*** Listed records ***

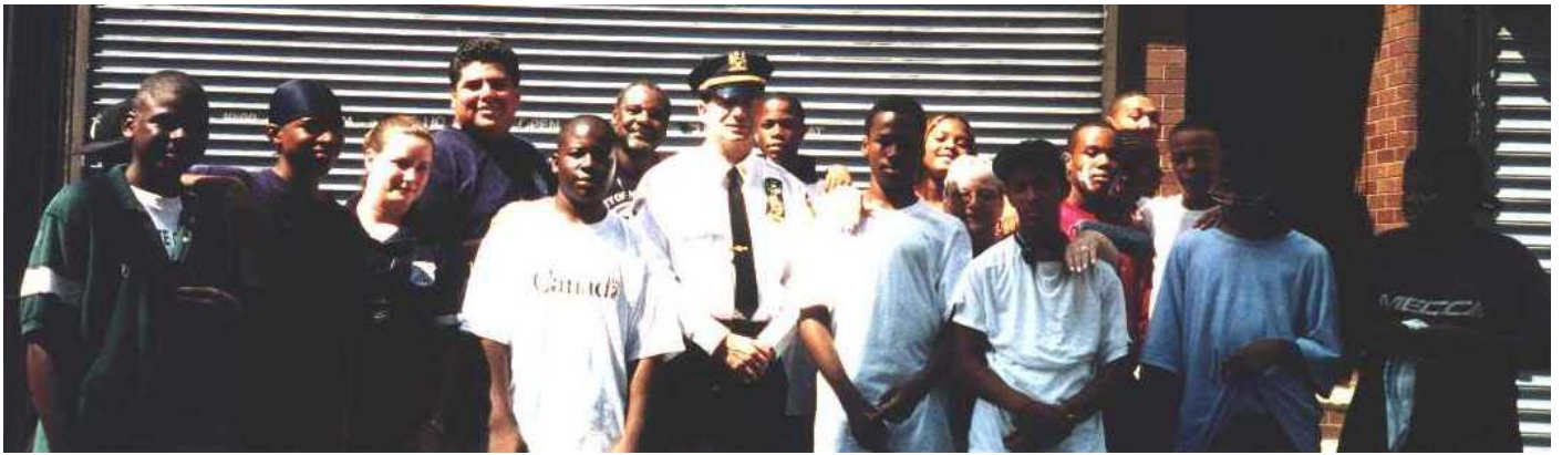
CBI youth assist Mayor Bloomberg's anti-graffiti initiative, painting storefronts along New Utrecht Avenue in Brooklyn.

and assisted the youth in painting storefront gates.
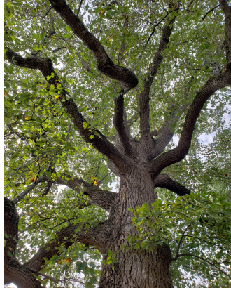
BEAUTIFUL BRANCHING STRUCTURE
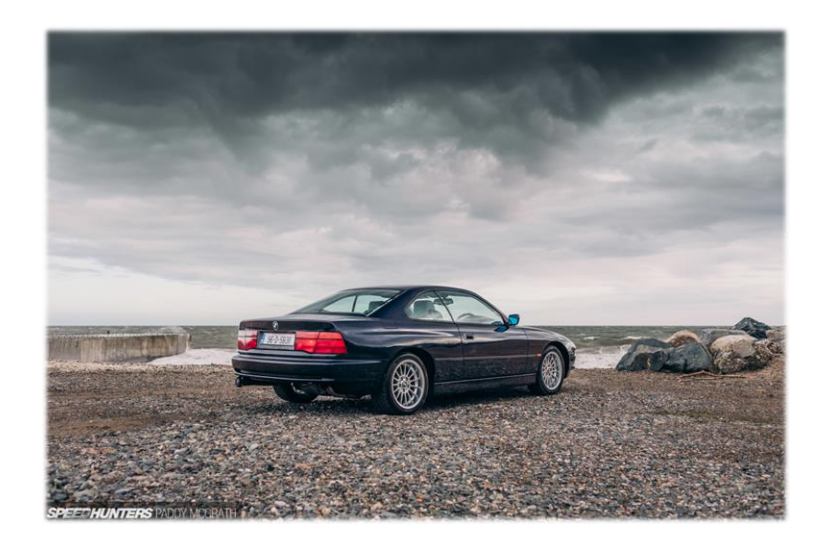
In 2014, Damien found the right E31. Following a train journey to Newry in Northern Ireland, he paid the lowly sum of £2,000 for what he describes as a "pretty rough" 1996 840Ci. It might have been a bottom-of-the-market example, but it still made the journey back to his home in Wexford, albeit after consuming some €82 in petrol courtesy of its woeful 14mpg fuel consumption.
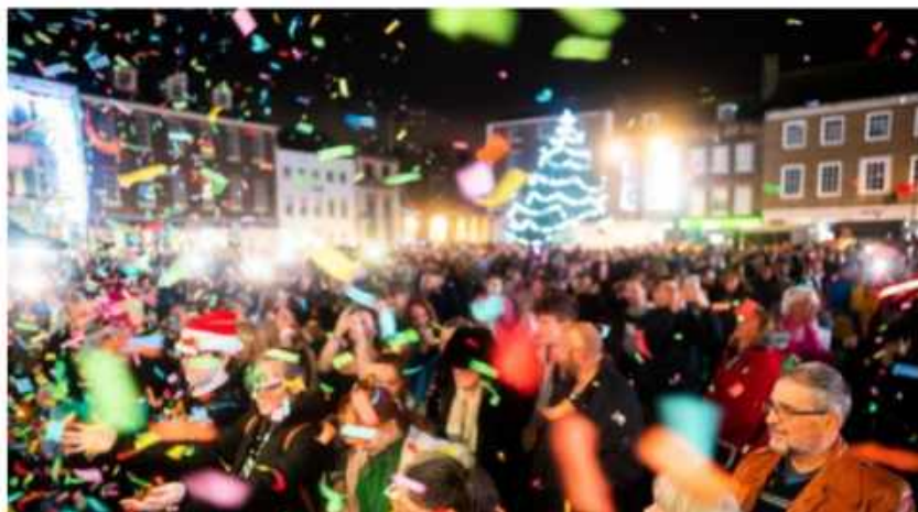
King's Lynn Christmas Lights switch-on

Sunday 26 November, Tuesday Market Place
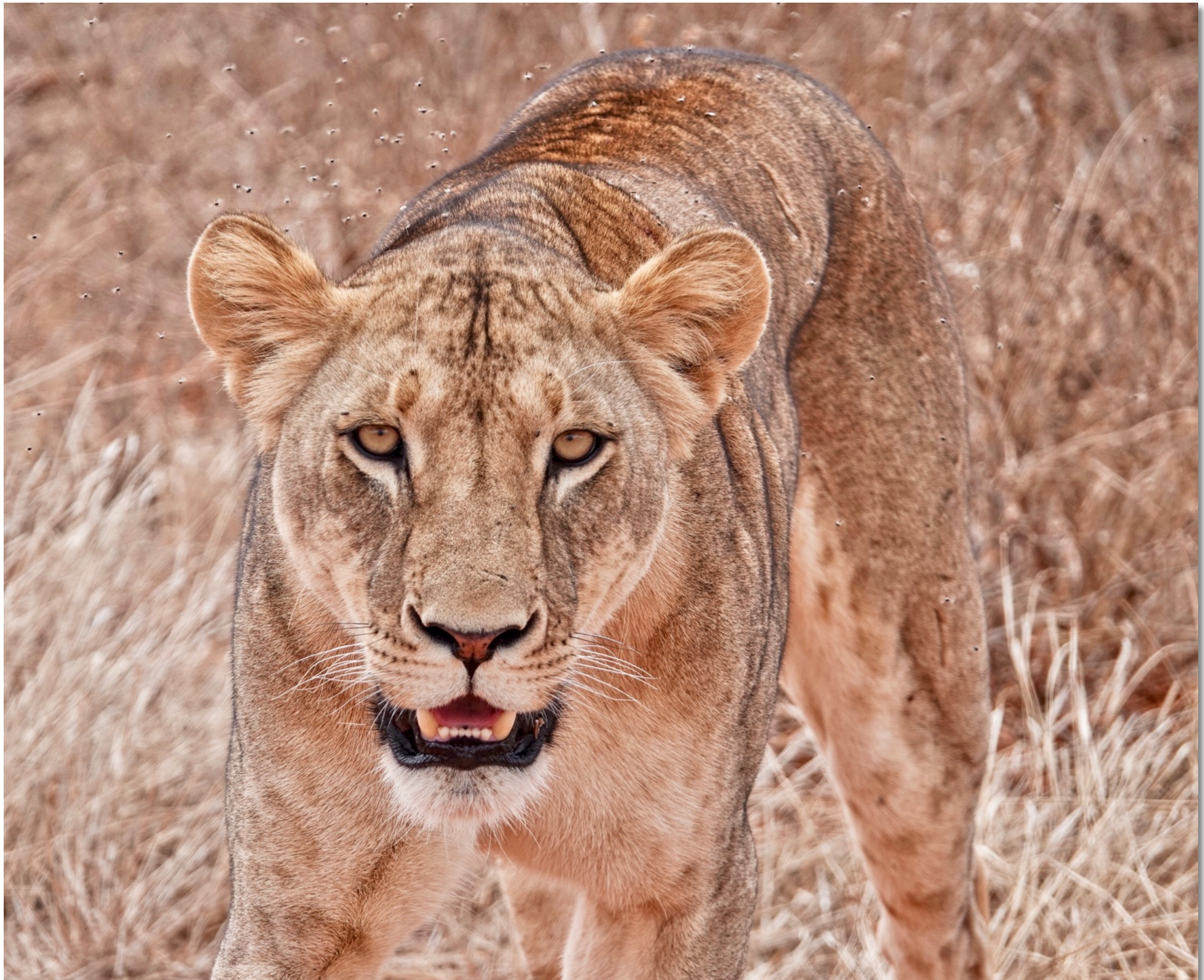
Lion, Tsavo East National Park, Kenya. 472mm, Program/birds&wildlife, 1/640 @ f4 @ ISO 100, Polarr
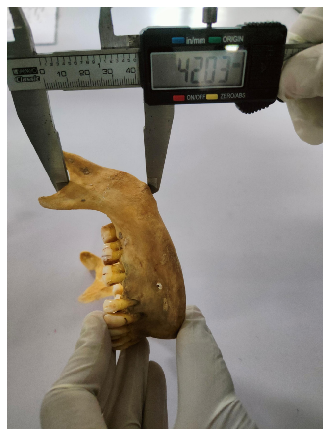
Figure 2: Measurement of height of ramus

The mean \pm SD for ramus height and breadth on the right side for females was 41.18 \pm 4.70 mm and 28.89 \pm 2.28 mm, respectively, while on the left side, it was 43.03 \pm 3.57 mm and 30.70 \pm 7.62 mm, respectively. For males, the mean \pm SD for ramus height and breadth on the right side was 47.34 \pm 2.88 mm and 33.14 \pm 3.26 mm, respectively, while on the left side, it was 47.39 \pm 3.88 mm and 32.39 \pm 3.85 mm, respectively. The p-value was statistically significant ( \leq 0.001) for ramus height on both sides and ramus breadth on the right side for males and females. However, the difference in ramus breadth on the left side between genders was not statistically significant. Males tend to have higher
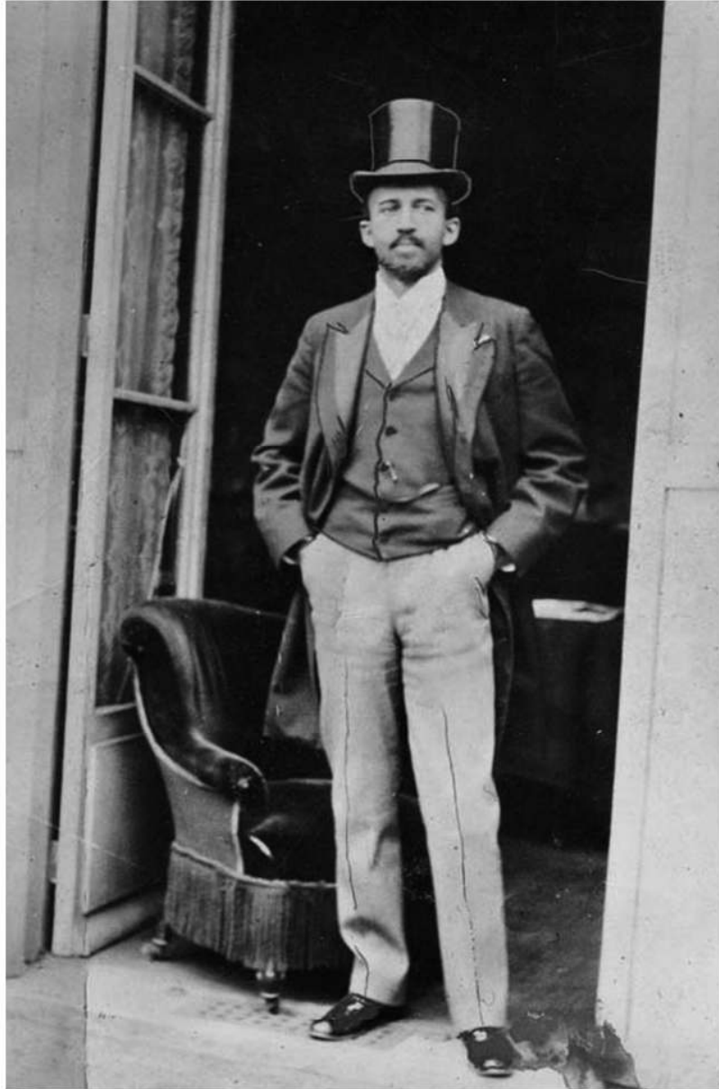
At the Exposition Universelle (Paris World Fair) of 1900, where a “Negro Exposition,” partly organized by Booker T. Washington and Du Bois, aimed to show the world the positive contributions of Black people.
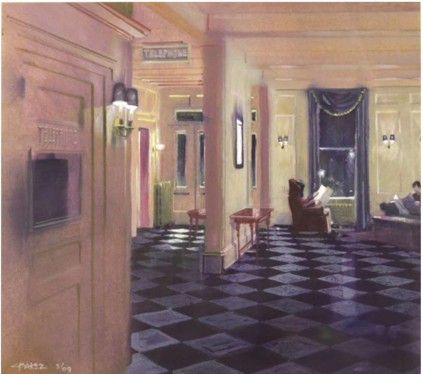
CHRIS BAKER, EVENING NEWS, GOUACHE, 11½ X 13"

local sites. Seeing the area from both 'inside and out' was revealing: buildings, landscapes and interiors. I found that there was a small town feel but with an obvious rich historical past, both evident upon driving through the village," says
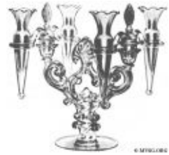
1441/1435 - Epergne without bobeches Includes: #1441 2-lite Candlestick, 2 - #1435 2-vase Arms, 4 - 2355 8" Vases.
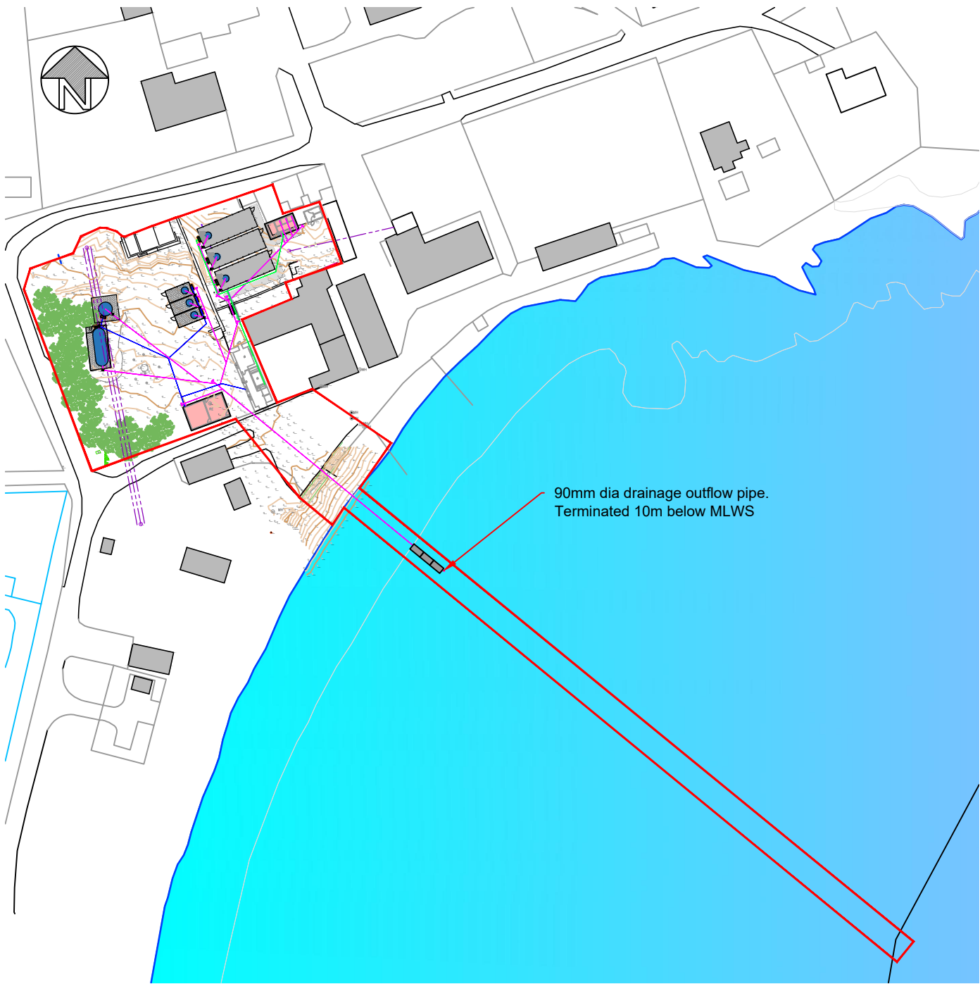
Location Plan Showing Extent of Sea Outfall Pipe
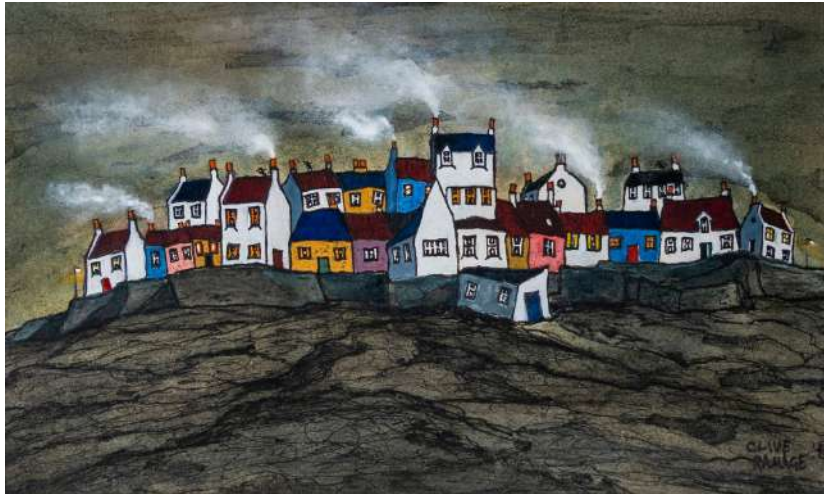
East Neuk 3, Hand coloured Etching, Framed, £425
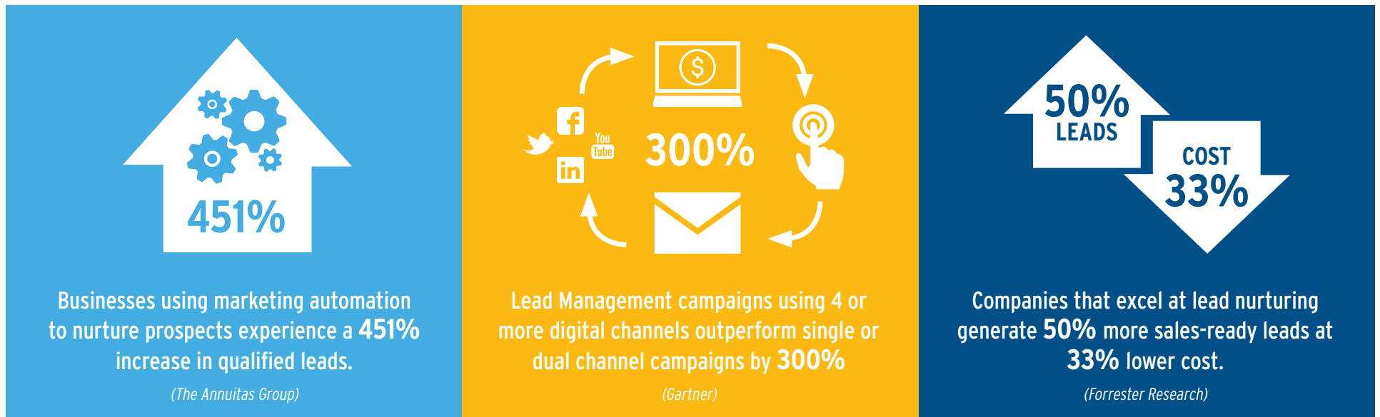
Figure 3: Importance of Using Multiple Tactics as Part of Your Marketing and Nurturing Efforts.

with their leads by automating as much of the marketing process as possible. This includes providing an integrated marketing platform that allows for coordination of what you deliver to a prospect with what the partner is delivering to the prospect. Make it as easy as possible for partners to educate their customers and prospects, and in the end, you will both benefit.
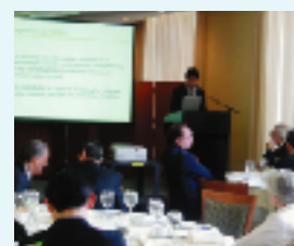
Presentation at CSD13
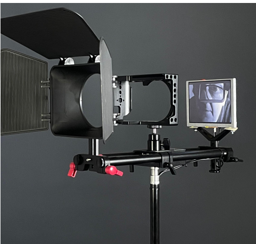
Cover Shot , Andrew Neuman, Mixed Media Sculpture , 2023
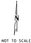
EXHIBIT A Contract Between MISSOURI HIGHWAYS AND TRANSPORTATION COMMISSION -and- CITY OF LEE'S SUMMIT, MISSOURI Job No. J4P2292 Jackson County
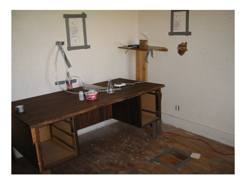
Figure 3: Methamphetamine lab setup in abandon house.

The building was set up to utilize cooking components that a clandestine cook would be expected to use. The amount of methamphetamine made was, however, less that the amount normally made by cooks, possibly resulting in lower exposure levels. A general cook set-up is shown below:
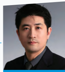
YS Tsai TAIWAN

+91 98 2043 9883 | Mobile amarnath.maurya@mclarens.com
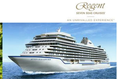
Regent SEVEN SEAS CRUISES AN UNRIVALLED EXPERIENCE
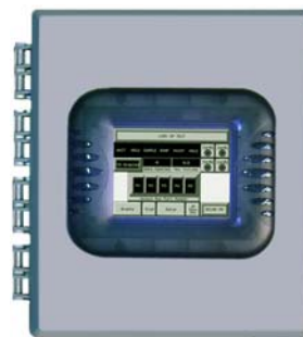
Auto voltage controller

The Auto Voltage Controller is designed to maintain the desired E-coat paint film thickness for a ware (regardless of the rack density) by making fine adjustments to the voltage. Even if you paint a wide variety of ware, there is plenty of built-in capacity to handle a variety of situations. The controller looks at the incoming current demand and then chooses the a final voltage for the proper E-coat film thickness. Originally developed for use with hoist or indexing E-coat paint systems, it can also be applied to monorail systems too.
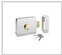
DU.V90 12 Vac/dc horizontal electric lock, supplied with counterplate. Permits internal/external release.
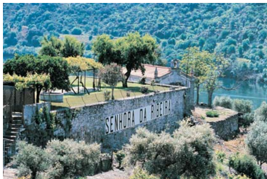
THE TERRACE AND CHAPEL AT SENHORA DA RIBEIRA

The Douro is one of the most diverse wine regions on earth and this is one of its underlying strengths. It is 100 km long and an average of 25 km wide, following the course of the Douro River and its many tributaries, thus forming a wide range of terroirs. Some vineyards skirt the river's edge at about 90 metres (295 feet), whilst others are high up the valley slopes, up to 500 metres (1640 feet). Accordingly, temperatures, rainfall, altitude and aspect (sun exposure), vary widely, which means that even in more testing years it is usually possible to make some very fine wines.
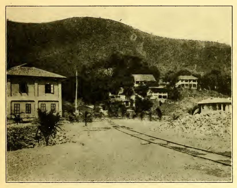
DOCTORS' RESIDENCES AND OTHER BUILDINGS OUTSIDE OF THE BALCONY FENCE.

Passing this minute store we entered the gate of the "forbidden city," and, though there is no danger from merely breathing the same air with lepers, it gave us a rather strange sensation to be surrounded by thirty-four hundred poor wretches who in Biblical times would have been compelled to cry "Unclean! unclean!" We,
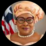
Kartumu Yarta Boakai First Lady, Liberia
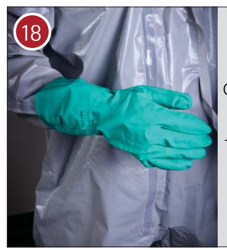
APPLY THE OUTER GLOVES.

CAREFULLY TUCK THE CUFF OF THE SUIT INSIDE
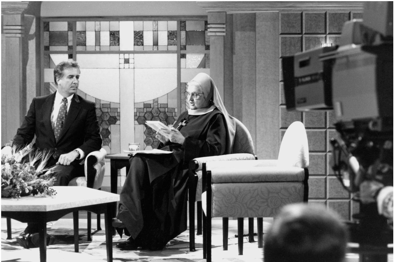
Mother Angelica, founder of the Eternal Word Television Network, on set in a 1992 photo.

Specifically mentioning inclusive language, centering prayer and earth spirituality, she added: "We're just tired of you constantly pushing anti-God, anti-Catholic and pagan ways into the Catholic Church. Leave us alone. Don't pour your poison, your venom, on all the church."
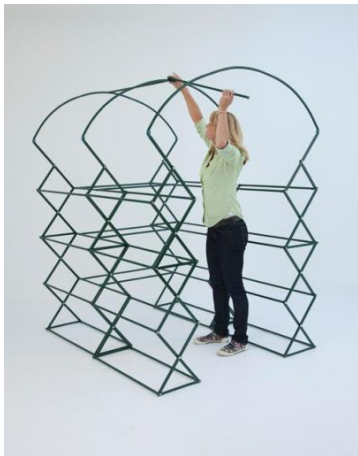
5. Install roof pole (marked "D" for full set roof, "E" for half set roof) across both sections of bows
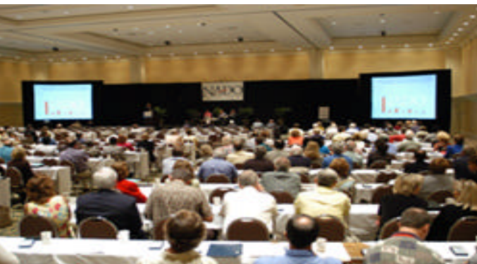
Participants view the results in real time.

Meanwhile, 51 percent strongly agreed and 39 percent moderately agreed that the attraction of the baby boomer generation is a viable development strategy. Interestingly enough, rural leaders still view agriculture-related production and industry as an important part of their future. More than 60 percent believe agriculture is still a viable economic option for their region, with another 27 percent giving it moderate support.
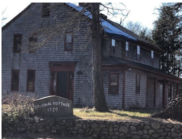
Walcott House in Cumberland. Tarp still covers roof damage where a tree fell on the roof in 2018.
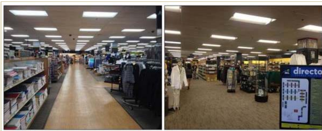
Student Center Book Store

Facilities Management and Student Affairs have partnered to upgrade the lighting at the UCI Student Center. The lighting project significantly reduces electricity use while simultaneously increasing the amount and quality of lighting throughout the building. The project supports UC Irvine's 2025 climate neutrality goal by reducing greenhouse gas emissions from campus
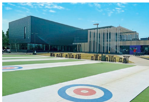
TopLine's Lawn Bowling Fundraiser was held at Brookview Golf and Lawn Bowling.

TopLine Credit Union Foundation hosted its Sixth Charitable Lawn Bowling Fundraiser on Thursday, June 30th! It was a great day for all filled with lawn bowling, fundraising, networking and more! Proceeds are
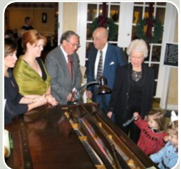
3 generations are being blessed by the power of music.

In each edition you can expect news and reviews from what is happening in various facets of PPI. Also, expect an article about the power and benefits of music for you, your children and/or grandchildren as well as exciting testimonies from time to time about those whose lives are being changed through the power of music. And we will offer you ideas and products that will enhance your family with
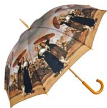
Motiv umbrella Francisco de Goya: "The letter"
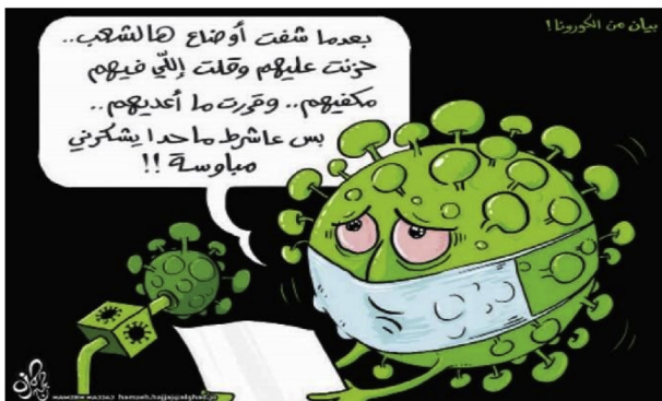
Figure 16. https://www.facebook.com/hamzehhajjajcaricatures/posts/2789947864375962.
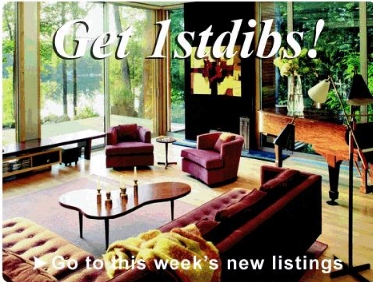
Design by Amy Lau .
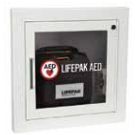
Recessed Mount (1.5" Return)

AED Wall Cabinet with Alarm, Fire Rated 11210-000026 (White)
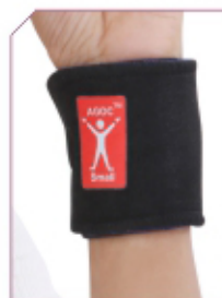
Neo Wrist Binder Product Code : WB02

***

(To do): Would you copy out, exactly and with no pictures, only the lines above from the one that contains "In 2014, Damien" through the one that contains "CHRIS BAKER, EVENING"?

(Written reply):
In 2014, Damien found the right E31. Following a train journey to Newry in Northern Ireland, he paid the lowly sum of £2,000 for what he describes as a "pretty rough" 1996 840Ci. It might have been a bottom-of-the-market example, but it still made the journey back to his home in Wexford, albeit after consuming some €82 in petrol courtesy of its woeful 14mpg fuel consumption.
King's Lynn Christmas Lights switch-on

Sunday 26 November, Tuesday Market Place
Lion, Tsavo East National Park, Kenya. 472mm, Program/birds&wildlife, 1/640 @ f4 @ ISO 100, Polarr
Figure 2: Measurement of height of ramus

The mean \pm SD for ramus height and breadth on the right side for females was 41.18 \pm 4.70 mm and 28.89 \pm 2.28 mm, respectively, while on the left side, it was 43.03 \pm 3.57 mm and 30.70 \pm 7.62 mm, respectively. For males, the mean \pm SD for ramus height and breadth on the right side was 47.34 \pm 2.88 mm and 33.14 \pm 3.26 mm, respectively, while on the left side, it was 47.39 \pm 3.88 mm and 32.39 \pm 3.85 mm, respectively. The p-value was statistically significant ( \leq 0.001) for ramus height on both sides and ramus breadth on the right side for males and females. However, the difference in ramus breadth on the left side between genders was not statistically significant. Males tend to have higher
At the Exposition Universelle (Paris World Fair) of 1900, where a “Negro Exposition,” partly organized by Booker T. Washington and Du Bois, aimed to show the world the positive contributions of Black people.
CHRIS BAKER, EVENING NEWS, GOUACHE, 11½ X 13"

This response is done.